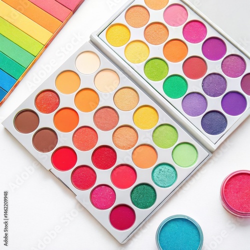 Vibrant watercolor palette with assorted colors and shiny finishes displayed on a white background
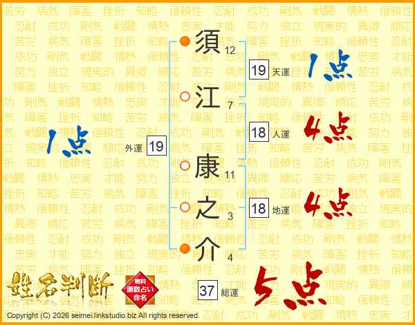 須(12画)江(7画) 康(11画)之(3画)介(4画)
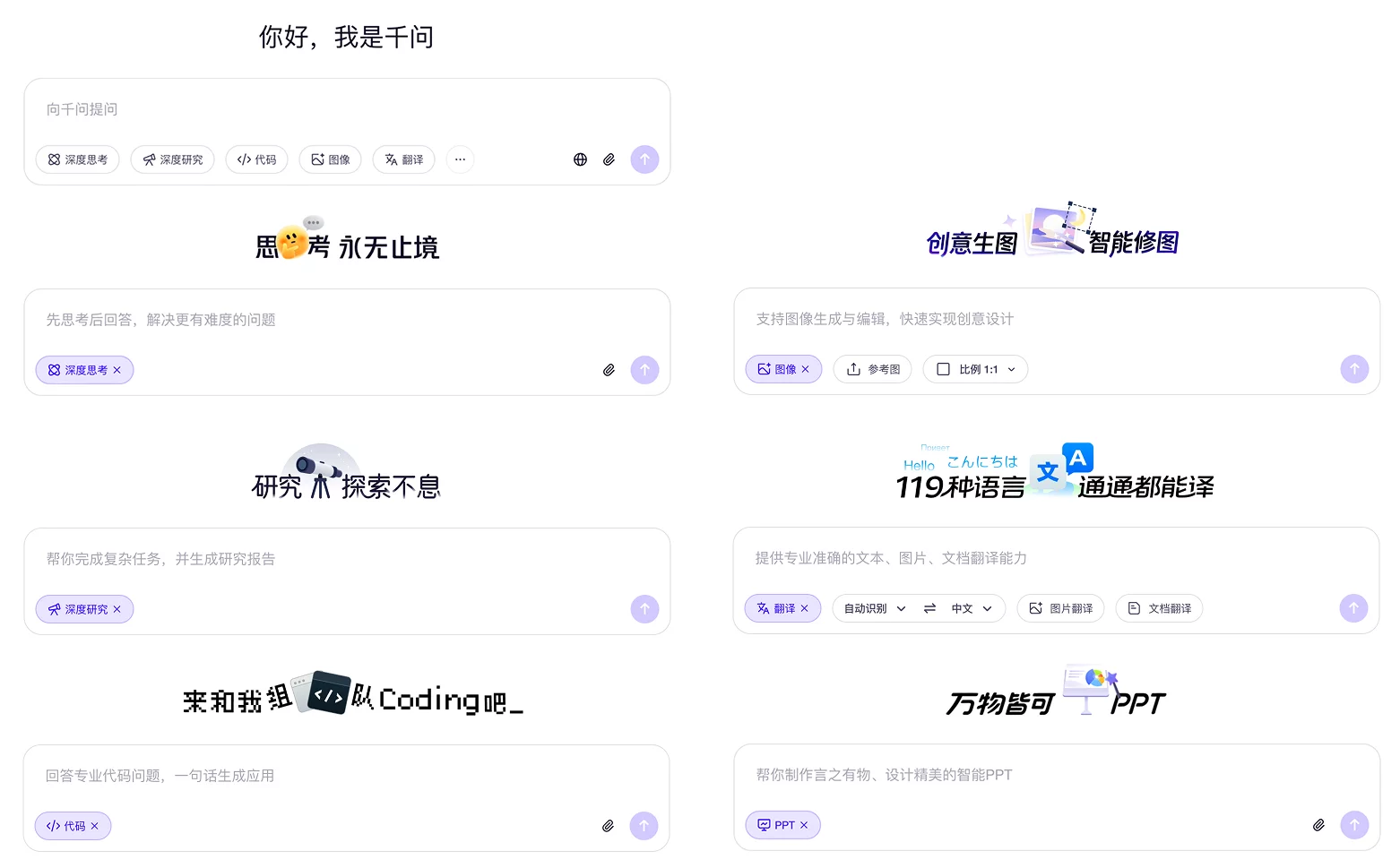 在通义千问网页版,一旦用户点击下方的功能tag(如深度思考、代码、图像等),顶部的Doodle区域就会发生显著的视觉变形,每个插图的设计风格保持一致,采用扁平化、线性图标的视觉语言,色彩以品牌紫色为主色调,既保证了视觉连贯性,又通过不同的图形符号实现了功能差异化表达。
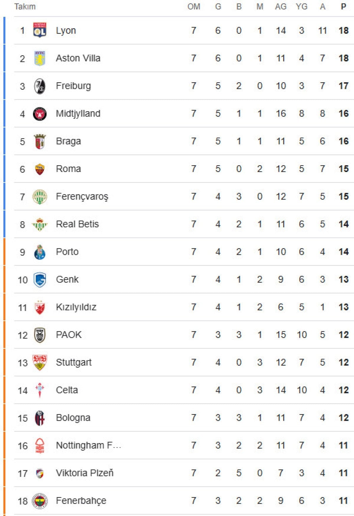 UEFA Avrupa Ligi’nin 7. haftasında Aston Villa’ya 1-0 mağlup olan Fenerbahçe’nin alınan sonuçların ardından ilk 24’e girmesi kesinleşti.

##############################

Problem statement: The expected output is exactly the lines from the one containing "須(12画)江(7画) 康(11画)之(3画)介(4画)" through the last line of the listing, both included, with every picture left out.

Result:
 須(12画)江(7画) 康(11画)之(3画)介(4画)
 在通义千问网页版,一旦用户点击下方的功能tag(如深度思考、代码、图像等),顶部的Doodle区域就会发生显著的视觉变形,每个插图的设计风格保持一致,采用扁平化、线性图标的视觉语言,色彩以品牌紫色为主色调,既保证了视觉连贯性,又通过不同的图形符号实现了功能差异化表达。
 UEFA Avrupa Ligi’nin 7. haftasında Aston Villa’ya 1-0 mağlup olan Fenerbahçe’nin alınan sonuçların ardından ilk 24’e girmesi kesinleşti.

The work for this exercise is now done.